Problem details — Retype the records below exactly as given, but only from the first line through the line with "为进一步提升公司少数民族员工", and without the pictures.
#####
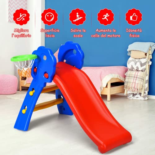 DREAMADE Scivolo Pieghevole per Bambini con Ampi Braccioli, Scivolo da Giardino per Bambini con Corrimano Alto, Scivolo in Plastica Sicura per Arrampicarsi (Con Cestino)
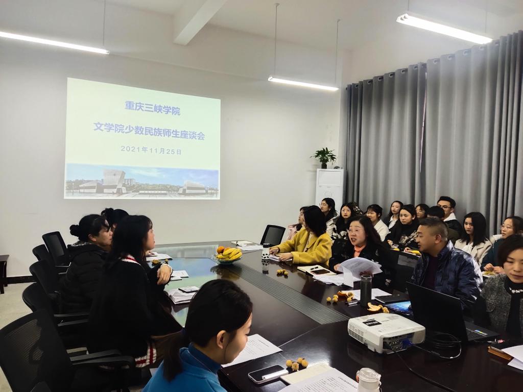 为进一步提升公司少数民族员工教育管理服务工作,不断增强少数民族员工获得感、幸福感、安全感,2021年11月25日下午,太阳成集团tyc7111cc在博学楼3栋418会议室召开了少数民族师生交流会。公司全体党政领导,辅导员代表以及少数民族师生代表参加了会议,会议由党总支副书记姜希主持。
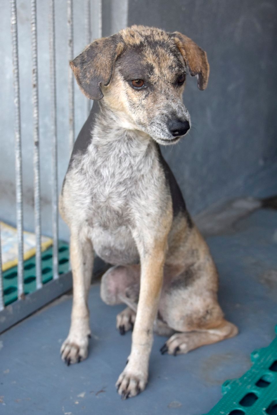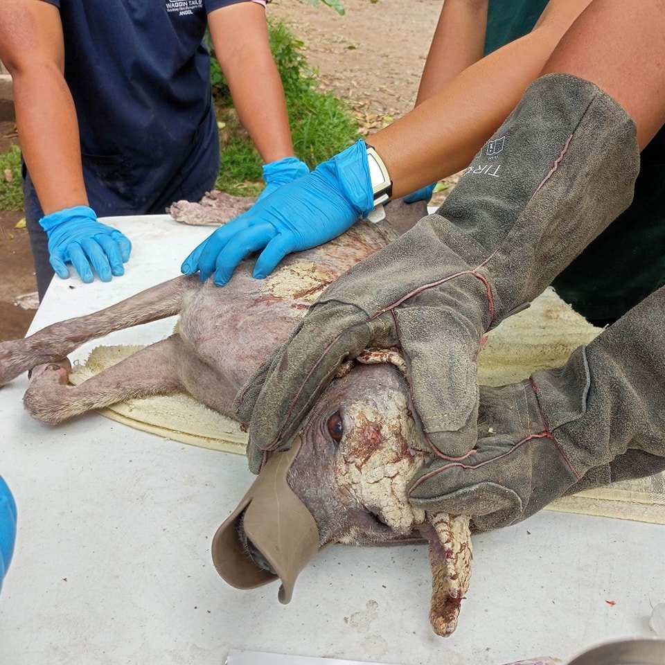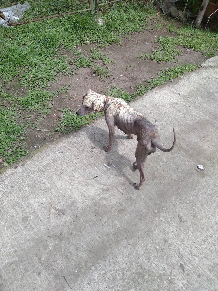 In June 2023, we were called to rescue a desperately ill dog at Valencia's dump.  Sadly, we were too late, but just in time for two others - a boy with bad Mange, Murphy, and a girl with terribly distended belly, Astra.  He has a case of severe Mange and was very close to suffering the same fate as the dog that died just as we were about to rescue him.
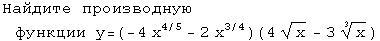 [tex]y=(-x^4^/^5-2x^3^/^4)(4sqrt{x} -3sqrt[3]{x})\
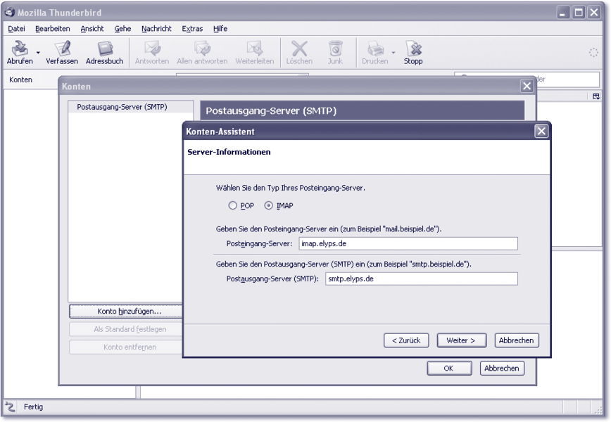 Abbildung 4.3 »Thunderbird« unter Windows beim Einrichten eines IMAP-Kontos
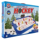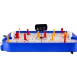 Komplet obsahuje všetko, čo potrebujete na hru: ihrisko, dvoch brankárov, dve bránky, dva puky a desať hráčov. Vďaka kompaktným rozmerom 53 × 37,5 × 7 cm sa ľahko zmestí na bežný stôl a rýchlo sa pripraví na hru. Vhodné pre deti od 3 rokov aj dospelých, ktorí ocenia jednoduché pravidlá a dynamickejšiu hrateľnosť.
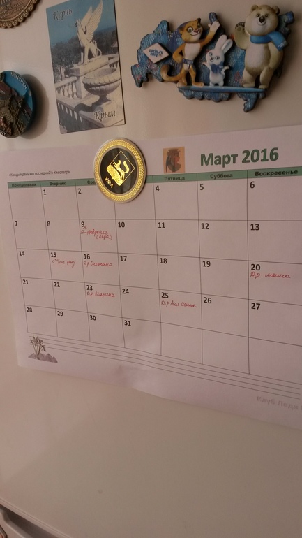 Распечатала на холодильник календарь! Оч. понравилась идея!
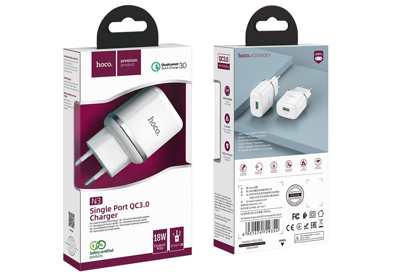 Зарядное устройство Блок питания HOCO N3 Special QC3.0, 18W, один порт USB, 5V, 3.0A, белый
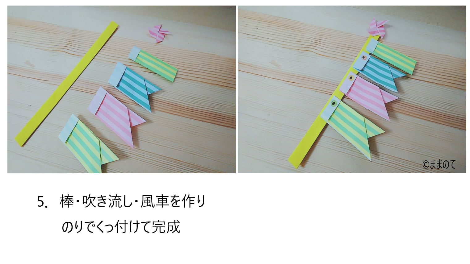 5.棒・吹き流し・風車を作り、のりでくっ付けて完成
#####
Written response —
 DREAMADE Scivolo Pieghevole per Bambini con Ampi Braccioli, Scivolo da Giardino per Bambini con Corrimano Alto, Scivolo in Plastica Sicura per Arrampicarsi (Con Cestino)
 为进一步提升公司少数民族员工教育管理服务工作,不断增强少数民族员工获得感、幸福感、安全感,2021年11月25日下午,太阳成集团tyc7111cc在博学楼3栋418会议室召开了少数民族师生交流会。公司全体党政领导,辅导员代表以及少数民族师生代表参加了会议,会议由党总支副书记姜希主持。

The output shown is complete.